Europe's Hera Planetary Defense Asteroid Mission: Preparing for Launch

Europe's Hera Planetary Defense Asteroid Mission: Preparing for Launch

The European Space Agency's Hera asteroid mission encapsulated within its SpaceX Falcon 9 rocket fairing in preparation for it to be attached. The fairing features the patches of Hera and its CubeSats Milani and Juventas, plus the European Space Agency (ESA) logo.
Hera spacecraft being enclosed within the two halves of its 13-m-high launcher fairing that will safeguard the spacecraft during its initial ascent through the atmosphere aboard its Falcon 9 rocket.
The team from OHB and ESA preparing the Hera asteroid mission for launch pose in front of the spacecraft in launch configuration—note the lack of 'red tag' items on its surface. OHB System AG, a subsidiary of the space and technology group OHB SE, developed, built, and tested the asteroid probe on behalf of the European Space Agency (ESA).
ESA’s Hera asteroid mission for planetary defense seen with one of its two solar wings added, during its continuing test campaign at the ESTEC Test Center in the Netherlands.
The Hera spacecraft inside the Maxwell chamber for electromagnetic compatibility testing, checking its systems can operate without harmful interference.
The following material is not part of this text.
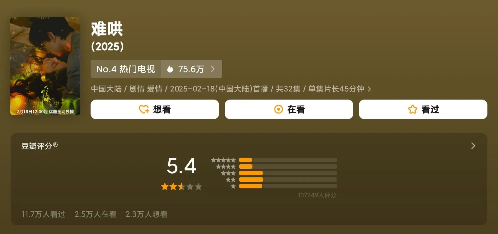 但无论如何,总体来看,这部剧依然算是2025年3月的一部爆款。
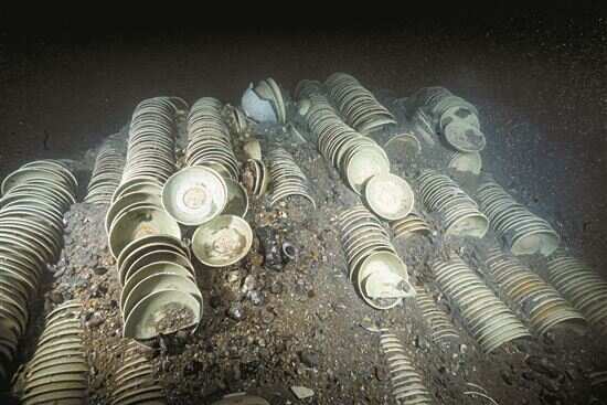 ■漳州圣杯屿元代沉船遗址船舱内码放的瓷器。

Note its 1.13-m diameter High Gain Antenna, its primary means of communicating with Earth, and its red-tagged Reaction Control Thrusters on each corner of the spacecraft. On the left side of the spacecraft is its ‘Asteroid Deck’, where Hera’s instruments are hosted. 
Hera systems engineer Pedro Escorial prepares the Juventas CubeSat for electromagnetic compatibility testing alongside its Hera mothership in ESA’s Maxwell chamber, part of Hera’s pre-flight test campaign at ESA’s Test Centre in Noordwijk, the Netherlands.
Members of Hera’s testing team prepare for electromagnetic compatibility testing during the mission’s pre-flight test campaign at ESA’s Test Center in Noordwijk, the Netherlands.
Hera Mission patch

The European Space Agency (ESA) Hera Mission will soon be launched on a SpaceX Falcon 9 rocket from Cape Canaveral in Florida. The launch window opens on October 7, 2024. There is a mystery out there in deep space—and solving it will make Earth safer. This is why ESA’s Hera Mission is taking shape—to go where one particular spacecraft has gone before.

On September 26, 2022, moving at 6.1 km/s, NASA’s DART spacecraft crashed into the Dimorphos asteroid. Part of our Solar System changed. The impact shrunk the orbit of the Great Pyramid-sized Dimorphos around its parent asteroid, the mountain-sized Didymos.

This grand experiment was performed to prove we could defend Earth against an incoming asteroid, by striking it with a spacecraft to deflect it. DART succeeded. However, it still leaves many things scientists do not know: What is the precise mass and makeup of Dimorphos? What did the impact do to the asteroid? How large is the crater left by DART’s collision? Or has Dimorphos completely cracked apart, to be held together only by its own weak gravity?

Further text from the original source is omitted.